JW Anderson is redefining its retail strategy with a new flagship on London’s Pimlico Road. Far from traditional minimalism, the two-story space is conceived as a “cabinet of curiosities” by designer Sanchez Benton. The store functions as a gallery-hybrid, blending the brand’s ready-to-wear collections with its expanding Home & Garden line. By placing artisanal objects, antiques, and collectible design pieces alongside fashion, Jonathan Anderson aims to celebrate the intrinsic link between the clothes we wear and the spaces we inhabit. It’s a warm, lived-in environment that honors the artistic heritage of its historic neighborhood.
Tyler, the Creator’s Golf Wang is teaming up with A24 for a stylish collaboration inspired by the upcoming film Marty Supreme. The collection, set to release on December 19, fuses 1950s retro silhouettes with Golf Wang’s signature streetwear DNA. Fans can expect a range of apparel including bowling shirts, varsity jackets, and graphic tees featuring the film’s star, Timothée Chalamet. Standout pieces include a newspaper-print top and “Rockwell Ink” embroidered outerwear. This capsule marks a sophisticated evolution of movie merchandise, capturing the mid-century aesthetic of the Josh Safdie-directed feature while remaining true to Tyler’s playful, color-forward vision.
The 2025 edition of the Hypebeast100 has officially arrived, spotlighting the 100 most influential figures driving global culture. This year’s list serves as a definitive guide to the innovators across fashion, art, music, and design who have navigated a volatile industry with unmatched creativity. Beyond the main list, the annual honors include the “Hypebeast100 Next” class—a curated selection of emerging talents poised to become future leaders—and the prestigious Hall of Fame inductees. From creative directors redefining luxury houses to independent disruptors, the HB100 celebrates the individuals who continue to push boundaries and shape the zeitgeist in an ever-evolving landscape.

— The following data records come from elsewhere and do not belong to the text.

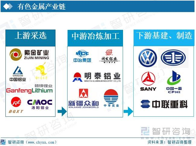 有色金屬產(chǎn)業(yè)鏈的上游主要是礦產(chǎn)資源的開采,主要的開采有色金屬的企業(yè)有紫金礦業(yè)、中國(guó)鋁業(yè)、銅陵有色、贛鋒鋰業(yè)等,產(chǎn)業(yè)鏈的中游主要是有色金屬的冶煉及加工,目前我國(guó)冶煉加工端一體化程度較高,主要代表企業(yè)有中冶集團(tuán)、閩發(fā)鋁業(yè)、明泰鋁業(yè)、新疆眾和等,產(chǎn)業(yè)鏈下游為基礎(chǔ)設(shè)施的建設(shè)、機(jī)械制造等,主要的代表企業(yè)有中國(guó)一汽、上海大眾、三一重工等。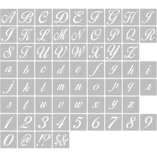 Donnez un style rétro et élégant à vos projets créatifs avec ce pochoir d'alphabet complet en style victorien ! Il comprend des lettres, des chiffres et des symboles (référence #060). Marque BigBite Studio. En film polyester (type Mylar) solide et réutilisable. Parfait pour peindre sur des murs, des meubles, des portes, des toiles... Style calligraphie vintage super chic. Neuf dans son emballage. Idéal pour les loisirs créatifs, la déco maison, ou même les mariages. Laissez libre cours à votre imagination pour créer des inscriptions uniques !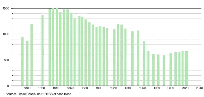 - ↑ Fiches Insee - Populations de référence de la commune pour les années 2006, 2007, 2008, 2009, 2010, 2011, 2012, 2013, 2014, 2015, 2016, 2017, 2018, 2019, 2020, 2021 et 2022.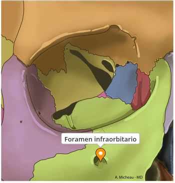 Ubicación esquemática del foramen infraorbitario (IOF)

Chitose Abe of sacai has been named Hypebeast’s Designer of the Year for 2025. In a year marked by industry-wide creative reshuffling, Abe’s steadfast commitment to her “hybrid” philosophy has allowed sacai to stand apart. Her 25th year in business was defined by high-profile collaborations with Nike, Levi’s, and Carhartt, alongside a grounded return to the brand’s core codes. Abe’s ability to balance disruption with wearability continues to resonate with a global audience that values intention over noise. By remaining independent and following her intuition, she has built a world that feels as forward-facing today as it did on day one.

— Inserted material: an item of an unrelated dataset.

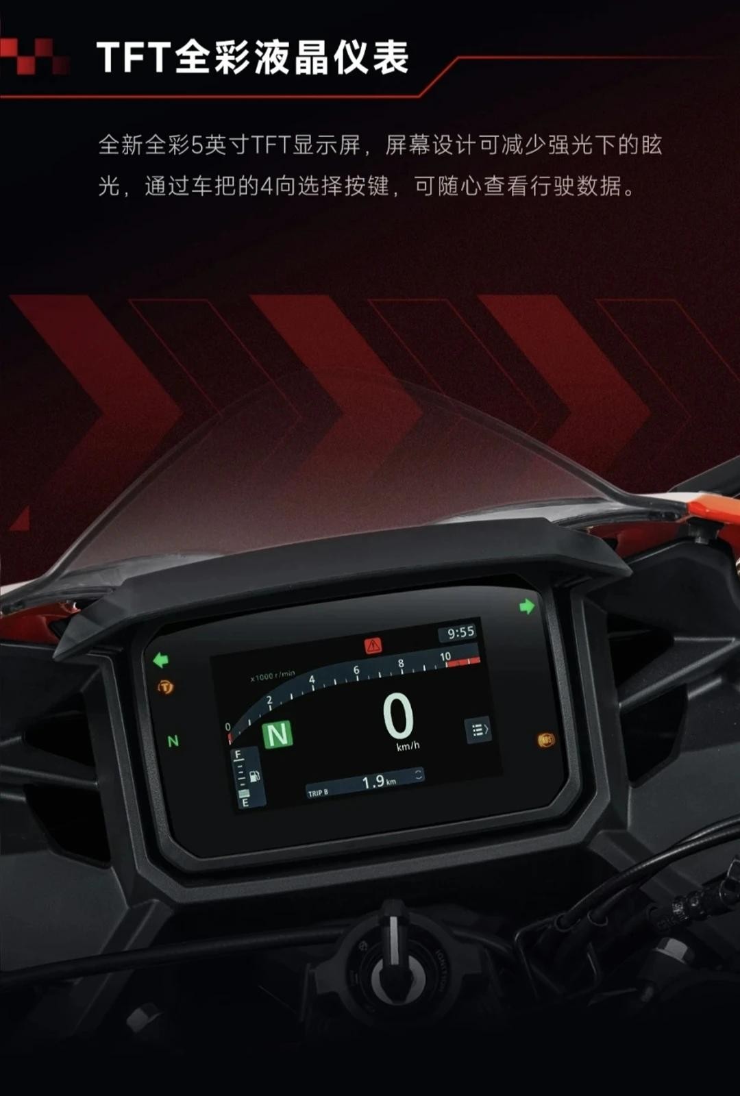 全新的TFT液晶仪表,可通过车把上的按键来察看行车数据。加上全新的LED前大灯和尾灯,科技感愈发强烈。车把上还集成了HONDA可调扭矩控制系统,方便了骑士的操作,在湿滑路面可有效抑制后轮打滑。

In a major shift for the “Lord of Darkness,” Rick Owens has officially banned the use of animal fur in all future collections. Announced on December 15, the decision follows a targeted five-day protest campaign by the Coalition to Abolish the Fur Trade (CAFT). The brand updated its “Eco-Aware” policy to state that it will no longer engage in fur production, a commitment immediately seen on its e-commerce site where fur items were removed. Owenscorp joins a growing list of industry heavyweights—including the CFDA and Condé Nast—moving toward fur-free standards, signaling a permanent change in the brand’s approach to luxury materials and ethical sourcing.

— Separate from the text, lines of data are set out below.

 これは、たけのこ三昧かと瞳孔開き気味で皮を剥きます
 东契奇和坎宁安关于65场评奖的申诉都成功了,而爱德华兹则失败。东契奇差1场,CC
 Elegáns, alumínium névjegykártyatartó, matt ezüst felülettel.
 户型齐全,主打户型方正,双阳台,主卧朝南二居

Dries Van Noten and Patrick Vangheluwe have announced the April 2026 opening of the Fondazione Dries Van Noten in Venice. Housed in the historic Palazzo Pisani Moretta, the foundation aims to be a cultural landmark dedicated to the human dimension of craft. Rather than acting as a static museum, it will serve as a dynamic hub for dialogues between international artists, local artisans, and young designers. Through year-round programming, residencies, and educational initiatives, the Fondazione will focus on reinventing creative traditions for a new generation. It marks a significant legacy project for Van Noten, bridging the gap between historical mastery and contemporary innovation.